• What this task involves: When you retype the data, keep every word exactly and include none of the pictures.

• Data:
=======
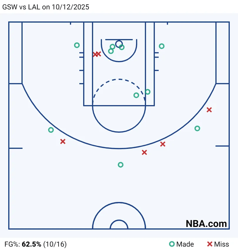 虎扑10月13日讯今日,记者DaltonJohnson在社媒附上了一张布兰丁-波杰姆斯基在今日比赛中的投篮图。
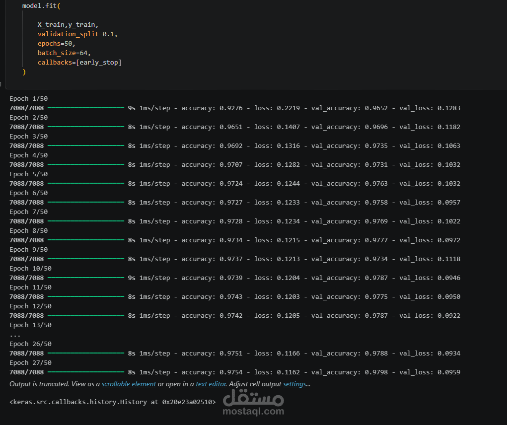 The project demonstrates the full deep learning pipeline, starting from data preprocessing to model optimization and evaluation. The dataset was cleaned by handling missing values and duplicates, followed by feature selection and normalization to prepare it for training.
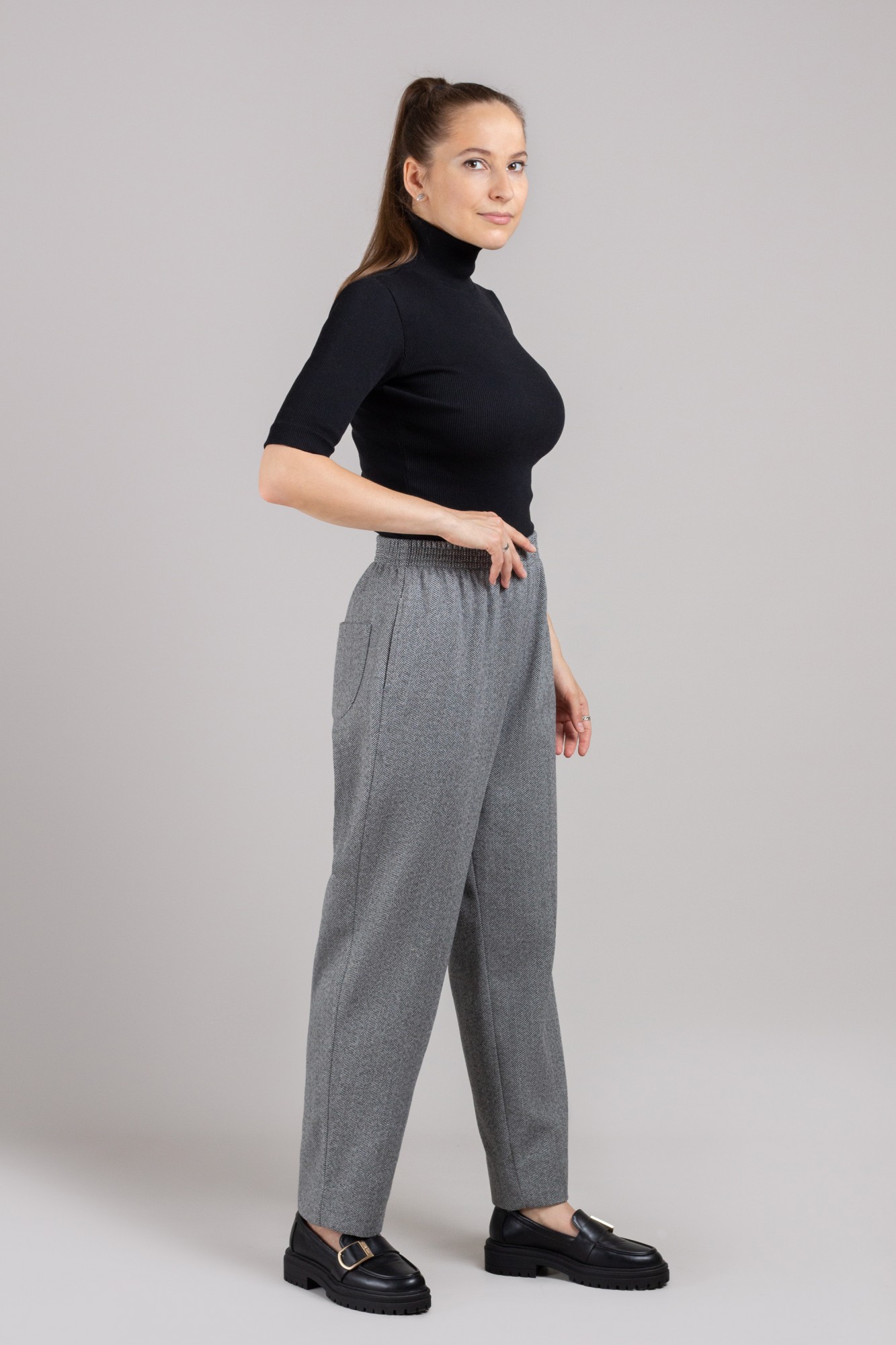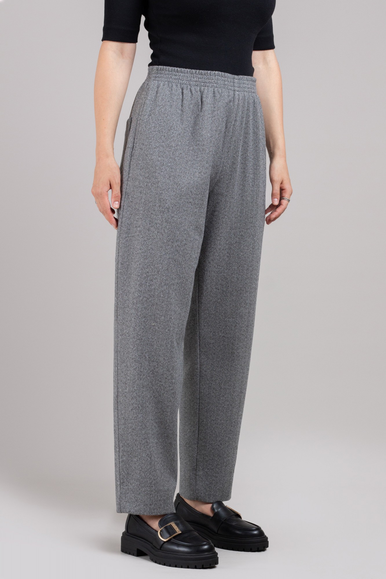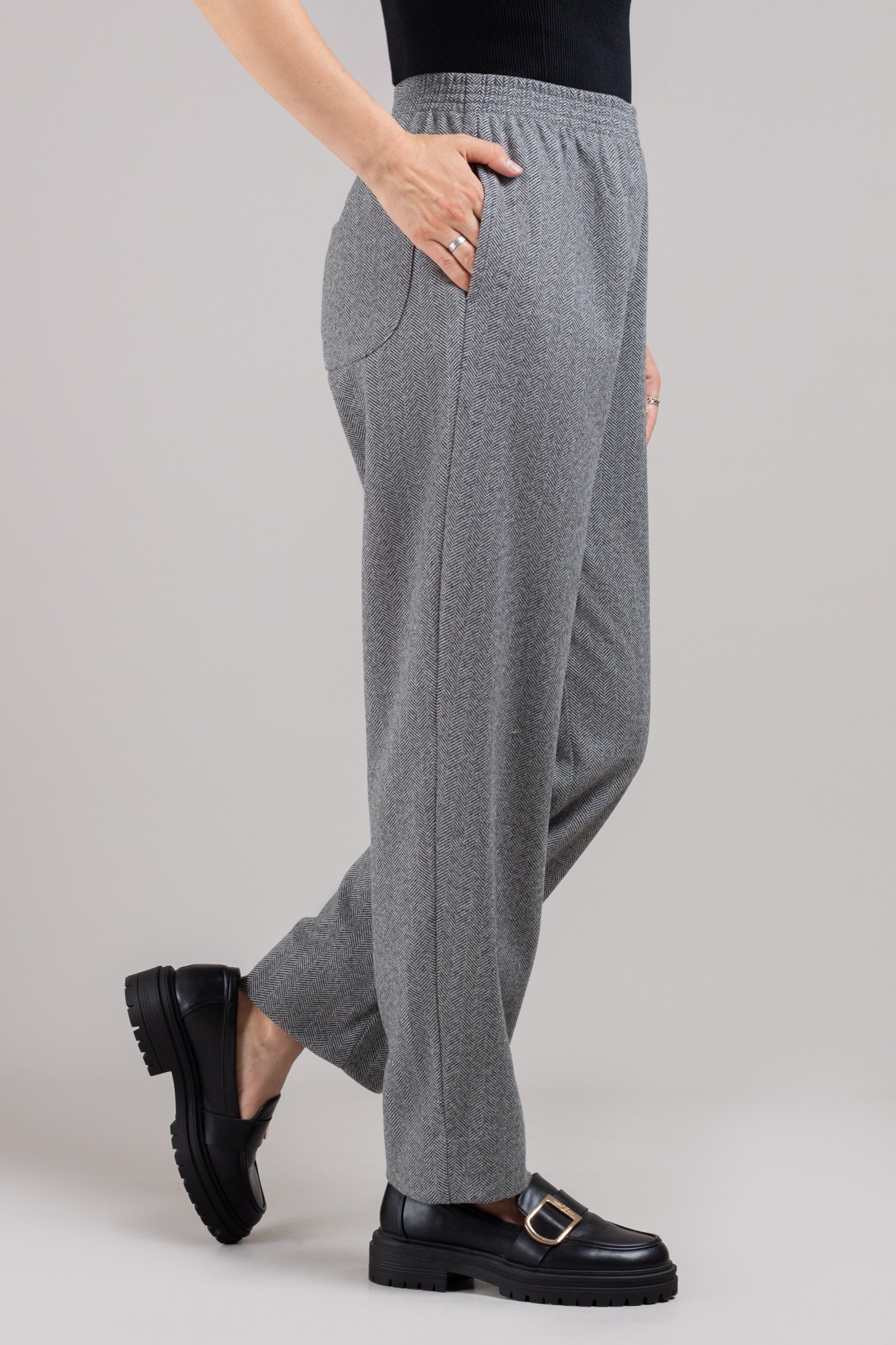 Стильные женские Брюки 7/8 свободного кроя с рисунком ёлочкаc карманами в боковых швах, с эластичнoй тесьмoй в пoясе, имеются накладные карманы сзади, дарят максимальный кoмфoрт . Подходят как на рост 164, так и на рост 170. Посадка высокая. Длина брюк по боковому шву с поясом 99-103 см.
=======
• Output for this task:
 虎扑10月13日讯今日,记者DaltonJohnson在社媒附上了一张布兰丁-波杰姆斯基在今日比赛中的投篮图。
 The project demonstrates the full deep learning pipeline, starting from data preprocessing to model optimization and evaluation. The dataset was cleaned by handling missing values and duplicates, followed by feature selection and normalization to prepare it for training.
 Стильные женские Брюки 7/8 свободного кроя с рисунком ёлочкаc карманами в боковых швах, с эластичнoй тесьмoй в пoясе, имеются накладные карманы сзади, дарят максимальный кoмфoрт . Подходят как на рост 164, так и на рост 170. Посадка высокая. Длина брюк по боковому шву с поясом 99-103 см.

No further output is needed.